(MATERIAL SHOWN Opens)
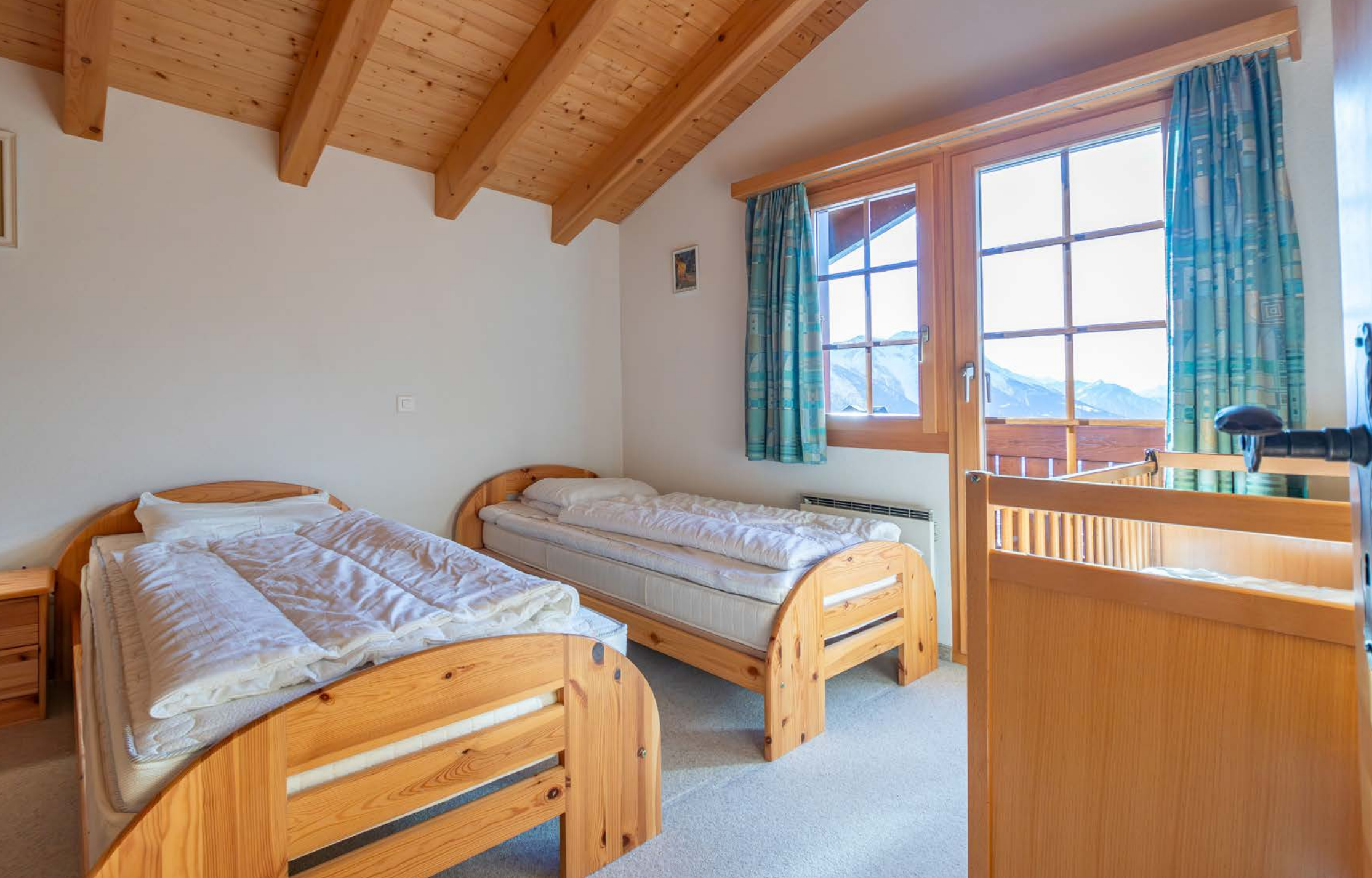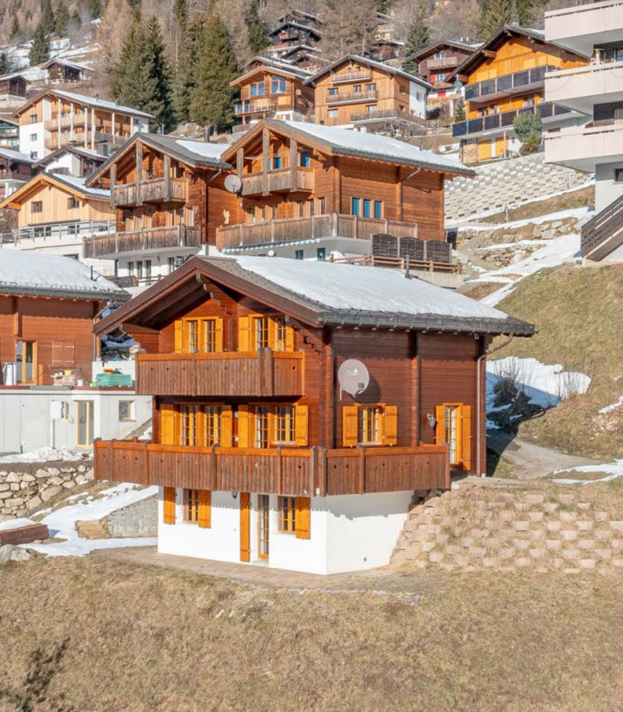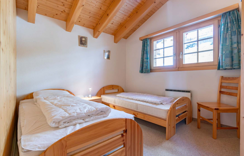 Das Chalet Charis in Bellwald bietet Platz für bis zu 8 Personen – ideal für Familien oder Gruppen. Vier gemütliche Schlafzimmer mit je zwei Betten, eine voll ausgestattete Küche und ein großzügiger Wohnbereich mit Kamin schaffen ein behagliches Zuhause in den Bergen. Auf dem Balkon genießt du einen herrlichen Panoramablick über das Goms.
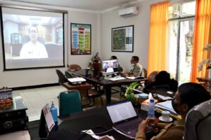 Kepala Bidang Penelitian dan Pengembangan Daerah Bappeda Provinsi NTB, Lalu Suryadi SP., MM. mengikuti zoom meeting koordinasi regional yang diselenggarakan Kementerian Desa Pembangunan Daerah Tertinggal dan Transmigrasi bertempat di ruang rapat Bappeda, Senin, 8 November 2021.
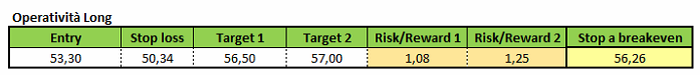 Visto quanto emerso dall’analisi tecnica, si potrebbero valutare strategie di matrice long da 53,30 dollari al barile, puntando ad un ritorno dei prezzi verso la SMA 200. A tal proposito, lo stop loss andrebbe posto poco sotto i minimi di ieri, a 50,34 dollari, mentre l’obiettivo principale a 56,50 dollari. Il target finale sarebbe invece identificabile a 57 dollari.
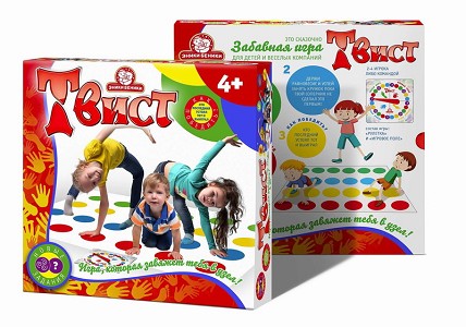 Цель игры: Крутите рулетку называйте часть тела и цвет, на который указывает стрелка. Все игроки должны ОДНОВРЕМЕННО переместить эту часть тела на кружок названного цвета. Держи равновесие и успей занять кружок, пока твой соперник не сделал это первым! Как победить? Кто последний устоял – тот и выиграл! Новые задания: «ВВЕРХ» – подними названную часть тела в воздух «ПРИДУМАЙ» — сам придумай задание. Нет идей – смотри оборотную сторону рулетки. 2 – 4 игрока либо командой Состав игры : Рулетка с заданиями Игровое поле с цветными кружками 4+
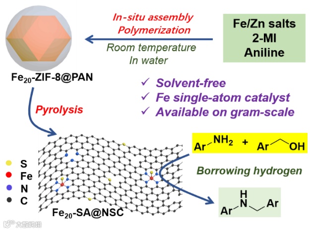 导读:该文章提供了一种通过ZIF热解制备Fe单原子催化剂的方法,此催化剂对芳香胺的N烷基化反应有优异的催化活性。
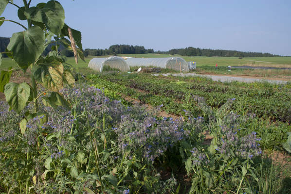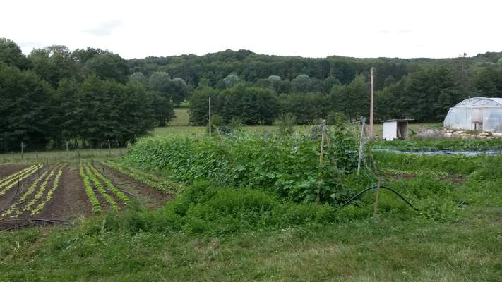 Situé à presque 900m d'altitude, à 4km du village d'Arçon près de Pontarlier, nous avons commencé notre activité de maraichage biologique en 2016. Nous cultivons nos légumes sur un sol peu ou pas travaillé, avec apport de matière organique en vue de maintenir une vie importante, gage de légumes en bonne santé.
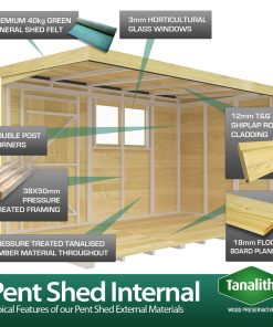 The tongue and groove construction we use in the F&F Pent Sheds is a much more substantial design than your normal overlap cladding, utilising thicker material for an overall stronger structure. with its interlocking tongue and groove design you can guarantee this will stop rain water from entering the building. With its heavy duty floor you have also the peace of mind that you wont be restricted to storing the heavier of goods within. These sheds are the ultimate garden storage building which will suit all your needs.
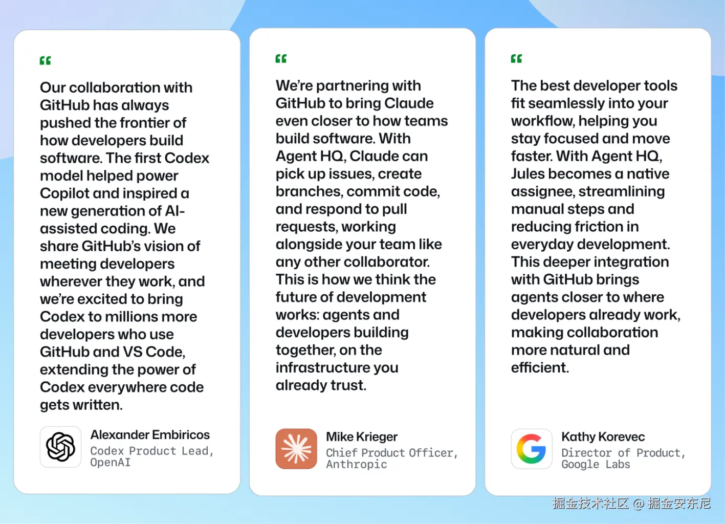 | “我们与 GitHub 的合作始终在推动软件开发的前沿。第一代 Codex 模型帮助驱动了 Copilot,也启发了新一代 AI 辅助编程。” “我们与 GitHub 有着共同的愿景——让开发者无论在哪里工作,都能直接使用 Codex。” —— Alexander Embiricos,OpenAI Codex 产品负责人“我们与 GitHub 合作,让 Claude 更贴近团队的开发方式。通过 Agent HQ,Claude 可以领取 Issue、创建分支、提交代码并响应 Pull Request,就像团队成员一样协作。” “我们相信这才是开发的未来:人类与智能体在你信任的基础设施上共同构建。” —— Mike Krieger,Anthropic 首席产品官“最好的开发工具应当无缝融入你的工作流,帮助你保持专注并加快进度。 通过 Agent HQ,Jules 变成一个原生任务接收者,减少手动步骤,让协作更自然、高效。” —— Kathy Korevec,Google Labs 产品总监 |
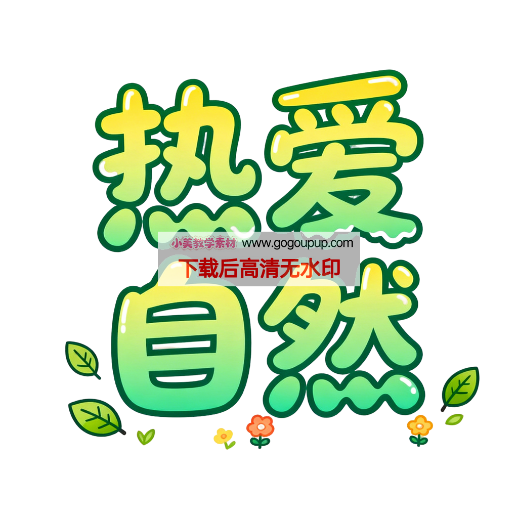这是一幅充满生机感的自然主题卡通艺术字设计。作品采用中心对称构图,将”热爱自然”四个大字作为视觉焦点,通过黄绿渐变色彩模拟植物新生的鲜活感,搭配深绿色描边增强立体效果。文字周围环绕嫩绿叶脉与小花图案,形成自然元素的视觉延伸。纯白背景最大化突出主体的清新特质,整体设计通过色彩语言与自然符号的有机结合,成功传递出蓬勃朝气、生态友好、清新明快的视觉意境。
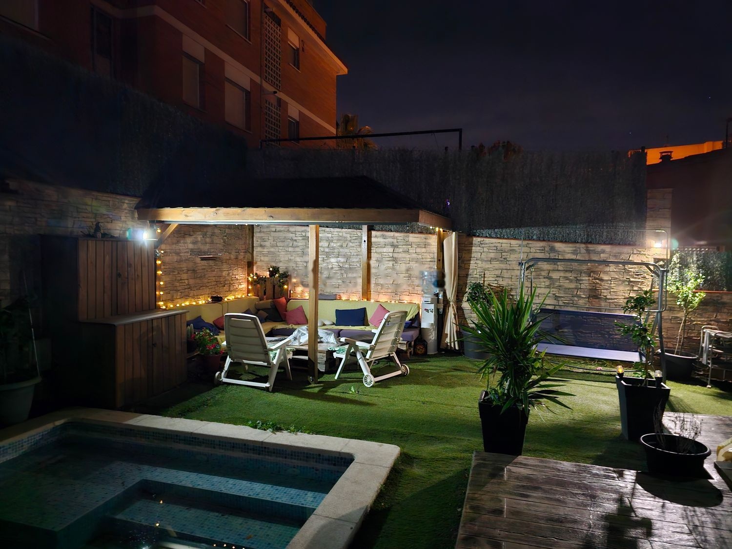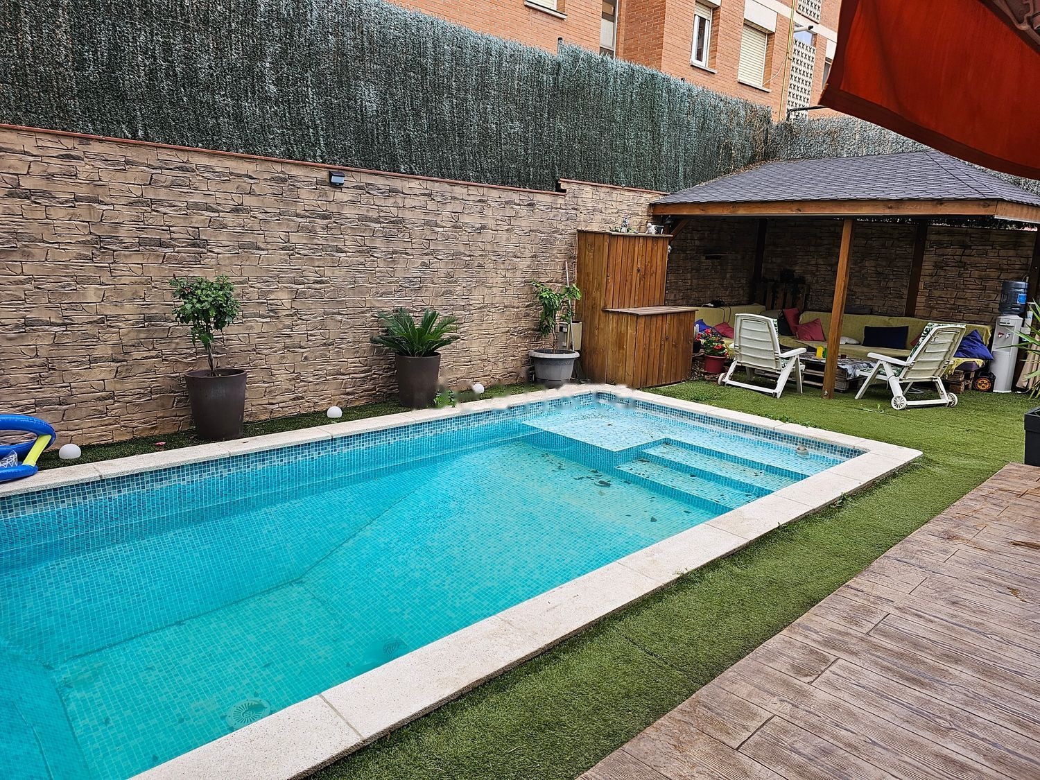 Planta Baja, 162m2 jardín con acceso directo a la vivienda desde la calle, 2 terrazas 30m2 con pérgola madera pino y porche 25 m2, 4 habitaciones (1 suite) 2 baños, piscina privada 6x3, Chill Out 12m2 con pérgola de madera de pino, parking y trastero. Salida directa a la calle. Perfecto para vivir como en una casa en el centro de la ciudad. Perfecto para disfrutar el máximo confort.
(MATERIAL SHOWN Closes)
• **BRIEF**
Repeat the listing word for word, and skip every picture it contains.

• **SOLUTION TO THIS EXERCISE**
 Das Chalet Charis in Bellwald bietet Platz für bis zu 8 Personen – ideal für Familien oder Gruppen. Vier gemütliche Schlafzimmer mit je zwei Betten, eine voll ausgestattete Küche und ein großzügiger Wohnbereich mit Kamin schaffen ein behagliches Zuhause in den Bergen. Auf dem Balkon genießt du einen herrlichen Panoramablick über das Goms.
 Kepala Bidang Penelitian dan Pengembangan Daerah Bappeda Provinsi NTB, Lalu Suryadi SP., MM. mengikuti zoom meeting koordinasi regional yang diselenggarakan Kementerian Desa Pembangunan Daerah Tertinggal dan Transmigrasi bertempat di ruang rapat Bappeda, Senin, 8 November 2021.
 Visto quanto emerso dall’analisi tecnica, si potrebbero valutare strategie di matrice long da 53,30 dollari al barile, puntando ad un ritorno dei prezzi verso la SMA 200. A tal proposito, lo stop loss andrebbe posto poco sotto i minimi di ieri, a 50,34 dollari, mentre l’obiettivo principale a 56,50 dollari. Il target finale sarebbe invece identificabile a 57 dollari.
 Цель игры: Крутите рулетку называйте часть тела и цвет, на который указывает стрелка. Все игроки должны ОДНОВРЕМЕННО переместить эту часть тела на кружок названного цвета. Держи равновесие и успей занять кружок, пока твой соперник не сделал это первым! Как победить? Кто последний устоял – тот и выиграл! Новые задания: «ВВЕРХ» – подними названную часть тела в воздух «ПРИДУМАЙ» — сам придумай задание. Нет идей – смотри оборотную сторону рулетки. 2 – 4 игрока либо командой Состав игры : Рулетка с заданиями Игровое поле с цветными кружками 4+
 导读:该文章提供了一种通过ZIF热解制备Fe单原子催化剂的方法,此催化剂对芳香胺的N烷基化反应有优异的催化活性。
 Situé à presque 900m d'altitude, à 4km du village d'Arçon près de Pontarlier, nous avons commencé notre activité de maraichage biologique en 2016. Nous cultivons nos légumes sur un sol peu ou pas travaillé, avec apport de matière organique en vue de maintenir une vie importante, gage de légumes en bonne santé.
 The tongue and groove construction we use in the F&F Pent Sheds is a much more substantial design than your normal overlap cladding, utilising thicker material for an overall stronger structure. with its interlocking tongue and groove design you can guarantee this will stop rain water from entering the building. With its heavy duty floor you have also the peace of mind that you wont be restricted to storing the heavier of goods within. These sheds are the ultimate garden storage building which will suit all your needs.
 | “我们与 GitHub 的合作始终在推动软件开发的前沿。第一代 Codex 模型帮助驱动了 Copilot,也启发了新一代 AI 辅助编程。” “我们与 GitHub 有着共同的愿景——让开发者无论在哪里工作,都能直接使用 Codex。” —— Alexander Embiricos,OpenAI Codex 产品负责人“我们与 GitHub 合作,让 Claude 更贴近团队的开发方式。通过 Agent HQ,Claude 可以领取 Issue、创建分支、提交代码并响应 Pull Request,就像团队成员一样协作。” “我们相信这才是开发的未来:人类与智能体在你信任的基础设施上共同构建。” —— Mike Krieger,Anthropic 首席产品官“最好的开发工具应当无缝融入你的工作流,帮助你保持专注并加快进度。 通过 Agent HQ,Jules 变成一个原生任务接收者,减少手动步骤,让协作更自然、高效。” —— Kathy Korevec,Google Labs 产品总监 |
这是一幅充满生机感的自然主题卡通艺术字设计。作品采用中心对称构图,将”热爱自然”四个大字作为视觉焦点,通过黄绿渐变色彩模拟植物新生的鲜活感,搭配深绿色描边增强立体效果。文字周围环绕嫩绿叶脉与小花图案,形成自然元素的视觉延伸。纯白背景最大化突出主体的清新特质,整体设计通过色彩语言与自然符号的有机结合,成功传递出蓬勃朝气、生态友好、清新明快的视觉意境。
 Planta Baja, 162m2 jardín con acceso directo a la vivienda desde la calle, 2 terrazas 30m2 con pérgola madera pino y porche 25 m2, 4 habitaciones (1 suite) 2 baños, piscina privada 6x3, Chill Out 12m2 con pérgola de madera de pino, parking y trastero. Salida directa a la calle. Perfecto para vivir como en una casa en el centro de la ciudad. Perfecto para disfrutar el máximo confort.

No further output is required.